I’m not necessarily talking about loving God, although that can sometimes feel like a struggle, especially when our world keeps falling apart. You’re here at church, so most of us probably hope we’re already doing at least a decent job of it: we attend services; we pray; we participate in communion; we believe the Gospel; we sometimes volunteer for ministry opportunities or community events; and we try not to be too big of a jerk to anyone around us. I would guess that a good number of us probably feel like we’ve got something of a handle on this loving God thing. We might not be perfect at it, but we at least seem to be headed in the right direction, overall.
We might even be doing a decent job of loving our neighbor. We try not to hold grudges; we help out when we discover a problem; we’re generous in giving money and time in service; we share what we have or feed the hungry or visit the sick or offer comfort to those in distress. Even where we might find ourselves at odds socially or politically, we at least try to remain open, understanding, and kind.
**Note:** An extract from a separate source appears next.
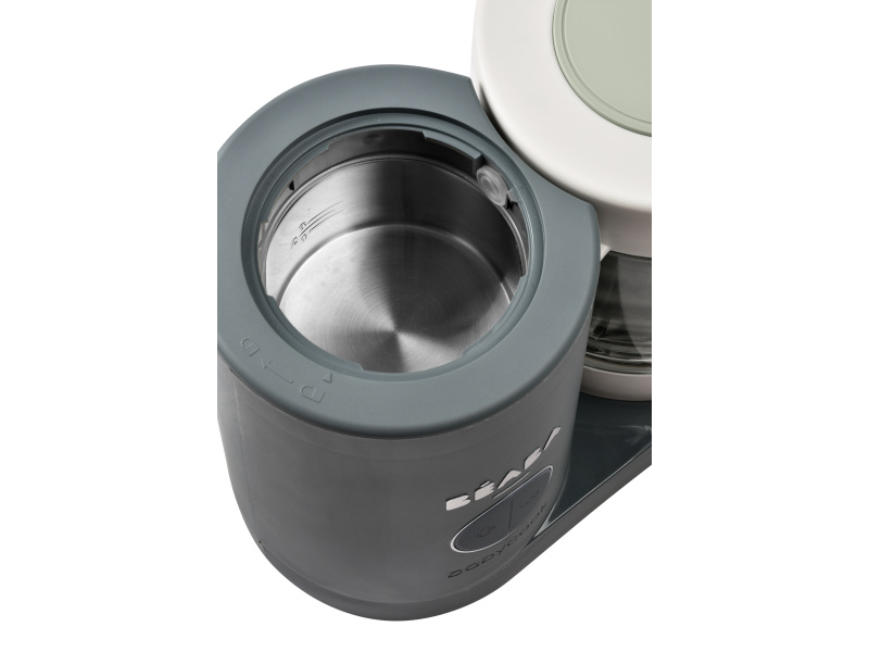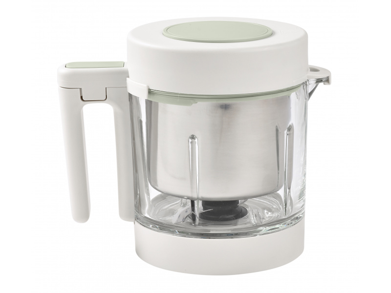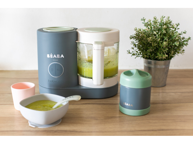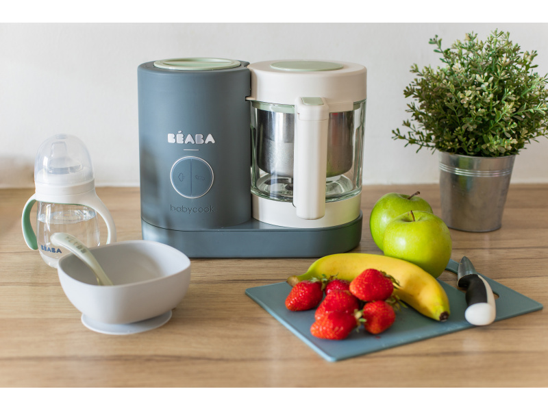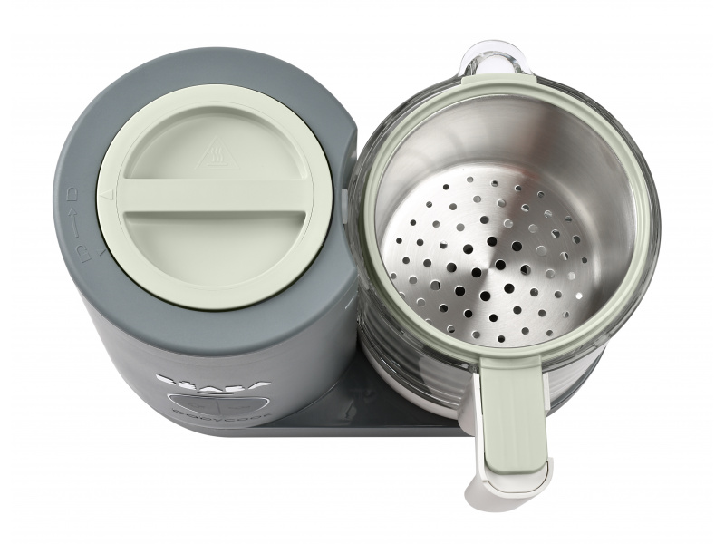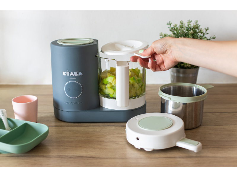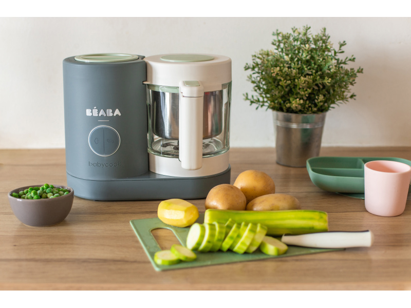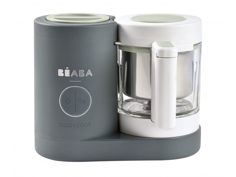 Skvělou pomoc při přípravě pokrmů pro děti představuje parní hrnec a mixér v jednom Babycook® Beaba. Babycook® umožňuje zdravě uvařit pokrm v páře a následně ho ve stejné nádobě rozmixovat. Zcela nový model Babycook® NEO má skleněnou nádobu s objemem 1250 ml a nerezový vkládací košík s objemem 1000 ml. Nerezový zásobník na vodu s vnitřní ryskou a se širokým vstupním otvorem usnadňuje plnění vodou i čištění zásobníku. Příprava jídla v Babycooku je velmi snadná – pouze do něj nalijete vodu, do vkládacího košíku vložíte na kousky nakrájené suroviny (zeleninu, maso atd.) a přístroj zapnete. Po skončení vaření (trvá nejdéle 15 min) se Babycook sám vypne. Chcete-li následně pokrm rozmixovat, pouze vysypete uvařené suroviny z vkládacího košíku do průhledné hlavní nádoby a rozmixujete (podle věku dítěte na jemnou hladkou kaši, nebo na hrubší strukturu s kousky). Když se dítě naučí dobře kousat, dá se Babycook® dále používat pro zdravé vaření v páře i bez mixování. Přístroj je možné použít i pro rozmrazování a ohřívání dětské stravy. Příkon: 400 W

And with all the struggles we face just getting through life, I have to say that those efforts aren’t so bad, either.
Yet love can still feel so difficult as to be impossible at times. Why is that?
Whenever we encounter the Great Commandment, as we did about a month and a half ago,[1] I tend to focus on the fact that we’re hearing the Great Commandment, not the (plural) Great Commandments. Jesus isn’t presenting us with the opening steps of a decision tree, a simple means of deciding who we need to love first if push comes to shove. What we’re hearing is Jesus restating how we love God in a way that continues to shock us no matter how often we think about it: “he told them, ’You will love through action”—this is that agape term we’ve talked about—“You will love through action your ruler, God, with your whole heart and with your whole self and with your whole intention’—this is the primary and great decree. Then, equal to it, another: ‘You will love through action one near you like yourself.’”[2]
Even laid out so plainly, loving God by seeking good for my neighbor can still feel like a struggle. But I’m beginning to wonder if the key to this strangely difficult text might not be hiding in plain sight.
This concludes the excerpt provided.